What should I pack for a bareboat charter?

When thinking about what you pack for a bareboat charter consider it a hotel room suite with kitchen facilities and you will get the idea. If you wouldn’t find it in the hotel room your not going to find it onboard.
When bareboating, you need to provide everything you are going to consume. Many items we take for granted in our daily life or would expect to be on a crewed boat do not seem important until we don’t have them. If you are going to the Virgin Islands, everything can be bought locally, albeit at a steep price. For many things, it just does not make sense to purchase. What about your favorite brand of coffee? Take, for example, that favorite dish that you intend to make that requires four different spices. Do you want to go out and buy them? Perhaps bring a small amount of each in a small ziplock. We have provisioners and online ordering locations that can make it very easy for you. We can help you with answers on how expensive the food is in the area.

Provisioning Bareboat Charter
Provisioning Bareboat Charter. The joys of doing it yourself!
Things like there will be a flashlight on the boat, but more then one is helpful. Perhaps playing cards or a board game. If you have a cruising guide of the area, then take it along, fishing gear, maybe?  Talk to us about the area you are chartering in
It takes a little planning, the time to find out that you forgot to get bug spray is not when you’re on the beach with the bugs having you as a snack.

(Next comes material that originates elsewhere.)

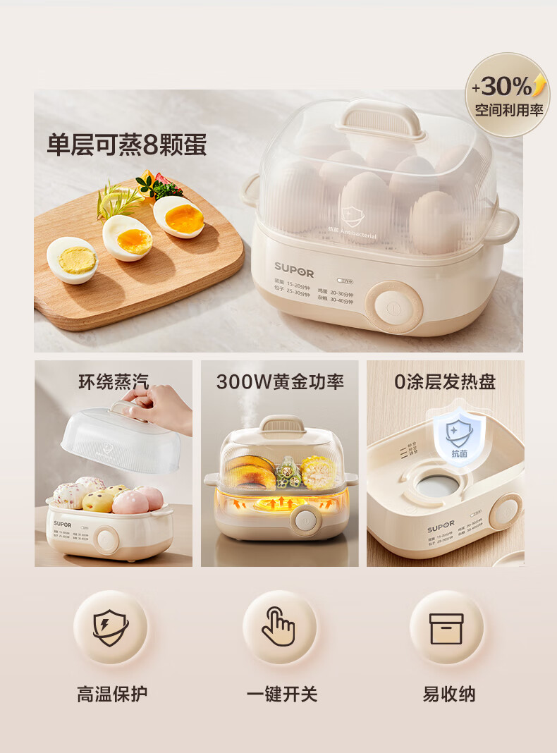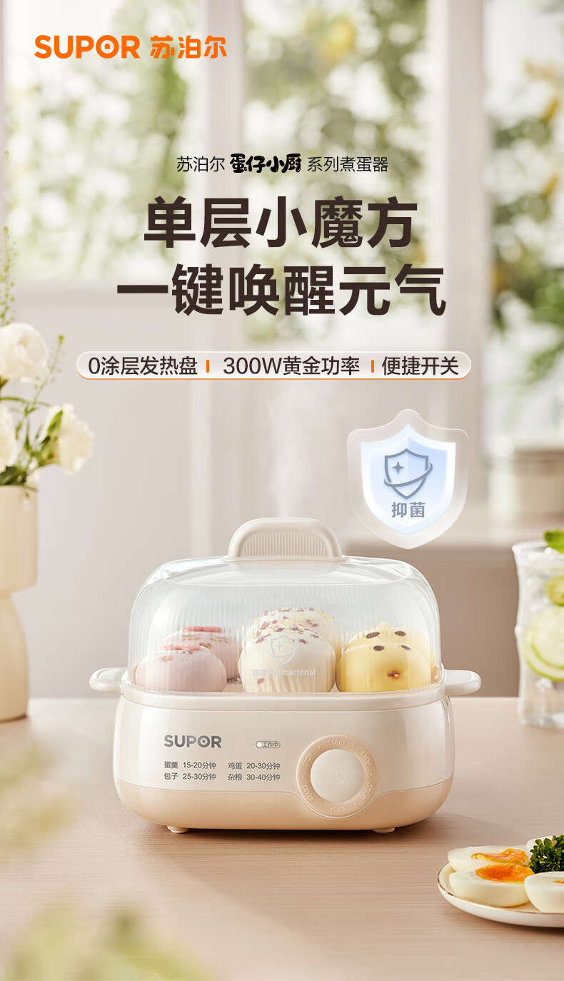 苏泊尔(SUPOR)煮蛋器 蒸蛋器 小型多功能迷你电蒸锅 煮鸡蛋神器 家用一人鸡蛋羹 Z18FK959

Packing List for Bareboat Charters

Here is a list you can consider if you are heading for a bareboat charter in the Caribbean. It would apply to the South Pacific, as well.
  • Two swimsuits, 6 t-shirts, and underwear. If you are female, you probably want a sundress or two that can double for going out for dinner. Males may wish to have a short-sleeved nice shirt again for going out to fancier places for dinner.
  • Two pair of shorts plus the ones you are wearing when you get to the islands 🙂
  • One pair of clean gloves (if you are on a bareboat participating in the sailing)
  • One pair of sandals or flip-flops, perhaps only the ones you wear on the plane. Need to be able to get wet. You will mostly be barefoot on the boat. Make sure your footgear won’t leave black sole marks on a ship. If you have shoes that are not good for getting wet, then bring a pair of water shoes as well. It will come in handy, getting to beaches.
  • Sun Gear which consists of 2 pair of sunglasses. (1 spare) Must be polarized. Have a lanyard with them, so they don’t disappear even better!
  • A light rain jacket. If we get in some squalls, you can cool off quickly if you get wet + wind. Your rain jacket also doubles as a light coat if you get chilly in the evenings.
  • Beach/Sailing Music (my phone) + a UBS cable
  • Flashlight
  • Reading material (Kindles, books)
  • Mask & Snorkel (If you wear prescription lenses or have your own comfortable, well-fitting mask and snorkel, bring it. Although most of the bareboat companies will put on snorkel gear for you or tell you were to rent it, I don’t find them the “best quality.”
  • Towel – Bring one of those “light skinny towels” Even though your yacht will have towels, they don’t dry as quickly.
  • Earplugs. If you have problems sleeping, a disposable pair of these for boat noises may come in handy.
  • Refillable water bottle. Insulated preferred!
  • Hat – to keep the sun off your head all the time.
  • Chargers/batteries for electronics
  • Non-Deet bug spray (DEET stains the fabrics and cushions on the boat. Many people like skin so soft too)
  • Cel Phone/ International Roaming Package/ Local SIM card as you prefer. Quite a few of the restaurants and beach bars will have complimentary WIFI, and many of the bareboat companies now have modems you can rent for the week. Not cheap, I have found them fairly fast in the last couple of years.
  • Motion sickness? Get a prescription for Transderm Scop or bring Bovine, ginger, or the wrist bands. Generally, this settles down if you are prone after the first 24 hours.
  • Money and credit card: All but the tiny beach bars take credit cards. Not much American Express, though. Although there are  ATMs on significant islands, there is not a lot, so they are often out of cash on a Sunday. You will need some money for gratuities for people.
  • Passport. Even if you are American going to the US Virgin Islands, you will require one to go into the British Virgin Islands in the Caribbean.
  • The cockpit will have a good shade cover. But everywhere else you’re getting direct sun plus the reflection. It’s like being in a sun broiler.
  • -Non-spray on sunscreen. Spray-on sunscreen on the boat makes it slippery for everyone as most ends up in the air or on the decks. Look for a sunscreen that will not harm the reefs.